While competitors race to build humanoid robots — machines that walk on two legs and look vaguely human — Sunday made a deliberate engineering choice: Memo uses a wheeled platform with a low center of gravity. Wheels are inherently more stable than legs, dramatically less likely to fall over near children or elderly people, and don't require the enormous computational overhead of balance control.

This isn't a compromise — it's a strategy. The vast majority of household tasks (clearing tables, loading dishwashers, folding laundry, operating kitchen appliances) can be done from a wheeled platform. Sunday is optimizing for the tasks that actually matter in daily life, not for the appearance of human form.

The Secret Weapon: Real-Home Training Data

The core technical innovation isn't the robot itself — it's how it learned. Sunday invented a Skill Capture Glove, a proprietary wearable device that records human hand movements in fine detail. Operators wore the gloves while performing household tasks in 500+ different real homes across varying layouts, cluttered surfaces, unusual lighting, and unpredictable environments.

Sunday's Real-World Data Advantage

  • 500+ training households — real homes with real clutter, not lab setups
  • Tens of millions of human movement episodes recorded
  • Skill Capture Glove — proprietary wearable data collection device
  • 70+ member team from Tesla, DeepMind, Waymo, Meta, OpenAI, and Apple
  • 1,000+ person waitlist before any product announcement
  • 50 beta households receiving uniquely numbered Memo units by Fall 2026

This matters because robots trained in simulations consistently fail at real-world deployment.

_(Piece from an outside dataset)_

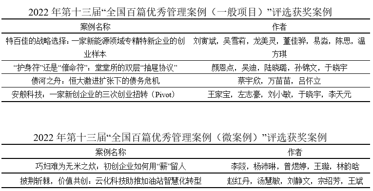 自2010年起,由全国工商管理专业学位研究生教育指导委员会主办、中国管理案例共享中心组织的“全国百篇优秀管理案例”评选活动,目前已成功举办十三届。“全国百篇优秀管理案例”是中国管理案例评选的最高奖项,被誉为全国管理案例教学界“奥斯卡”,教育部已将其列为学科评估(工商管理一级学科)的评价指标(C5项)。入选的案例质量要求与国际接轨,并与毅伟商学院案例库合作面向全球发行。其承办单位中国管理案例共享中心致力于开发中国本土原创高质量案例,推动和提高中国管理案例教学与研究水平。“全国百篇优秀管理案例”对推进管理案例在全国工商管理教育的广泛使用,起到了巨大的推进作用,并带动了其他专业学位案例的建设与发展。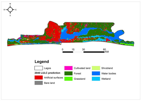 The projection of LULC for 2040 (Figure 11) illustrates substantial shifts in the distribution of land-cover categories compared to data from 2000 and 2020. Notably, the trends in artificial surfaces, or urban areas, and forests hold particular significance. In 2000, urban areas encompassed 642,749 km2, constituting 17.016% of the total land area. By 2020, this figure had markedly increased to 952,178 km2, representing 25.208% of the total land area. The most noteworthy transformation is anticipated in 2040, with urban areas projected to cover 1,094,151 km2, accounting for nearly 28.967% of the total land area. This pattern underscores a consistent and substantial rise in urbanization (Figure 10). Meanwhile, forests, covering 1,485,171 km2 (39.319%) in 2000, are expected to occupy 1,627,301 km2 (43.081%) by 2020. In 2040, forests are projected to cover 1,551,632 km2 (41.078%) of the land area. Despite this slight decrease, forests remain a crucial component of the landscape. Overall, the statistics highlight a significant trend toward increasing urbanization (artificial surfaces), emphasizing the imperative need for sustainable land-use planning and conservation initiatives to balance urban growth with the preservation of natural ecosystems.

A simulated kitchen is perfectly clean, uniformly lit, and physically predictable. A real kitchen has a dog bowl in the walkway, mismatched surfaces, a toddler who moves things, and cups that are slightly different shapes than anything in the training set. Sunday's bet is that robots need to learn from the real world — not a virtual replica of it.

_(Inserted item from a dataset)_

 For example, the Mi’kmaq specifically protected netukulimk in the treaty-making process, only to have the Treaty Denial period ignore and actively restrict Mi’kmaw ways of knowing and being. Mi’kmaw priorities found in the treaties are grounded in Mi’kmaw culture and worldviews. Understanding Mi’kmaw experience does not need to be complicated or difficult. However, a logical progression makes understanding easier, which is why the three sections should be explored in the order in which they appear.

What Memo Can (And Can't) Do Right Now

Memo is designed for routine manipulation tasks in unstructured environments: clearing tables, loading dishwashers, folding laundry, and operating household appliances like espresso machines. These are tasks that require precise object manipulation (picking up objects of varying shapes, weights, and positions without dropping or breaking them) in environments that constantly change.

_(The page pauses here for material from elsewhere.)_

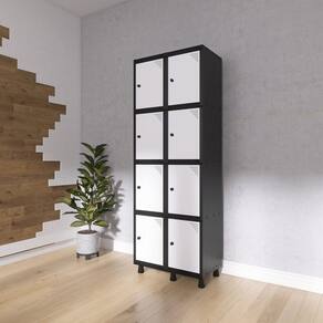 Armário Locker Guarda-roupa 8 Portas Aço Grp 502/8 Preto/Branco

What Memo cannot do yet: complex multi-room navigation, tasks requiring legs to access elevated surfaces, or fully autonomous operation in homes it hasn't been introduced to. The Fall 2026 beta is about real-world reliability and safety testing — 50 selected households will receive uniquely numbered units as part of structured research, not consumer retail.

Who Founded Sunday and Why It Matters

Founders Tony Zhao and Cheng Chi are former Stanford researchers with serious pedigree: they co-created ALOHA, the open-source robot platform that became a reference design for dozens of research labs, and pioneered diffusion policy techniques (a machine learning approach for teaching robots smooth, human-like movements). They're not first-time roboticists building on hype — they built the tools many others are using.

The team of 70+ engineers includes alumni from Tesla's Autopilot team, DeepMind robotics, Waymo, Meta AI, OpenAI, and Apple Special Projects. This is arguably the most robotics-credentialed founding team to emerge in the household category.

When Can You Get One?

Sunday isn't selling Memo yet. The Fall 2026 milestone is 50 uniquely numbered beta units going to selected households for safety and reliability research. A broader commercial rollout timeline hasn't been announced. If you want to be among the first, the waitlist at sunday.ai already has 1,000+ people on it.

The $1.15 billion valuation for a company with no shipping product reflects investor conviction that the household robot market is entering its defining moment — and that Sunday's real-world data approach gives it a moat that lab-trained competitors will struggle to replicate.